Not to mention if the forum/staff are biased towards one side of politics than someone arguing from the other end is going to get slammed and warned and probably banned simply for trying to engage in said debate.

This used to happen frequently on a now defunct RP site called Guilty Pleasures RP.

So in short, yes debates are pointless.

PS my fave pointless debate tactic is when someone posts proof/references and the other side just keeps sweeping them aside demanding further proof.

The proof will never be enough because the person is a troll or zealot.
 
Congratulations on leaving the far-right behind you man, that's unironically an achievement to be proud of!

Debates are useful, but you gotta be mindful of what they are good at - and what they aren't.

The most obvious disadvantage is that charisma plays a role. Unlike scientific literature it's not just about your facts, it's also about rhetorical skills. A person that is perceived as a debate's winner doesn't necessarily have the better opinion.
The advantage follows - it's entertaining and engaging which means, unlike dry scientific papers average people can take part without feeling left behind.

Debates aren't the best tool to find truth - but they are great tools to politically educate and especially to pull people out of echo chambers.
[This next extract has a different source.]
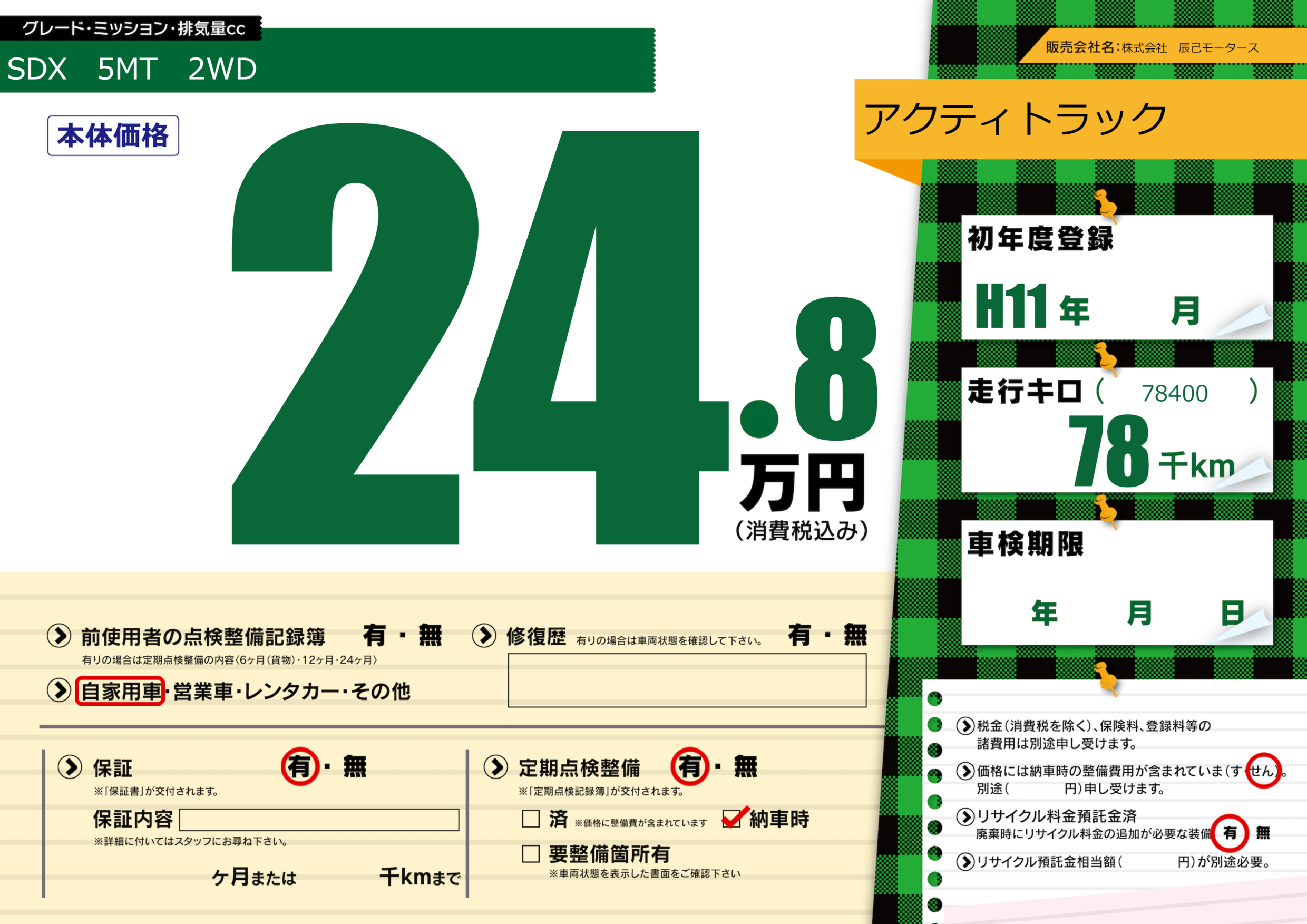 | 定期点検整備 | 定期点検整備あり 納車時あり | ||

This is especially common in far-right circles. If you don't have any intersections with other opinions you won't question even the stupidest opinions your group holds. Debates plant this seed of doubt - and that is ALWAYS valuable. Even if afterwards you still see the opinion you help before as correct you are now made aware of counter-arguments that you may or may not were able to disprove. Either way, your opinion grows and is better founded in reality now.

Of course, this implies somewhat good-faith actors. If you are just throwing insults at each other it' snot helping anyone, but personally I wouldn't define that as 'debating' to begin with'.
The other problem is that many topics are impossible to argue against - not because they are objective truths, but because your opponent simply decided they are axiomatic truths to them. Religion is a good example here. A fanatic believer won't care about your rational arguments - it's a position that is impossible to argue against because it is not founded in rationality to begin with. Conspiracy theorists are another similar group. If your opinions are founded on a distrust of 'big science' or 'the media' - then you can handily dismiss anything that would otherwise disproof or weakens your position ("FAKE NEWS!1").

Especially in these cases it's important to keep in mind that you truly are talking to the audience, not your opponent. You will rarely actually convince a person prepared to publicly defend their position - but you can make them look rightfully stupid. You don't have to be mean about it - but in a utilitarian sense it's an objective good if you make this let's say antivax q-anon conspiracy theorist look as deranged and stupid as possible because it will help less deranged members of their fanbase see the truth.

So yes, getting in contact with other opinions is always a net-positive. I tend to drop out when things develop into just throwing shit at each other - but some people enjoy that kind of drama as well.
 
Depends on the context, which can range from a courtroom to the internet. Internet debates are almost entirely useless, as no one ever admits being wrong and the only point is to make the other side look dumb to whoever is reading. Most people debate feelings rather than facts and almost no one has a competent grasp of the issues. Everyone has an Internet Degree in infectious disease control, or constitutional law, or history, or conspiracy or, or, or, meaning no one has. I can tell within a post or two whether someone is up to speed on a topic and is worth responding to. I'm not going to debate an engineer on structural design because that's not my expertise and it's not worth learning the field, and I'm not going to debate gun control unless the other sides knows constitutional law backwards and forwards (and I don't mean your personal version).

That said, an effective debater's goal is to win, not be a gentleman. So read up on all formal and informal flaws of logic, learn how to identify them and most important, learn how to use them against the opponent. Use ad hominems to the maximum extent permitted.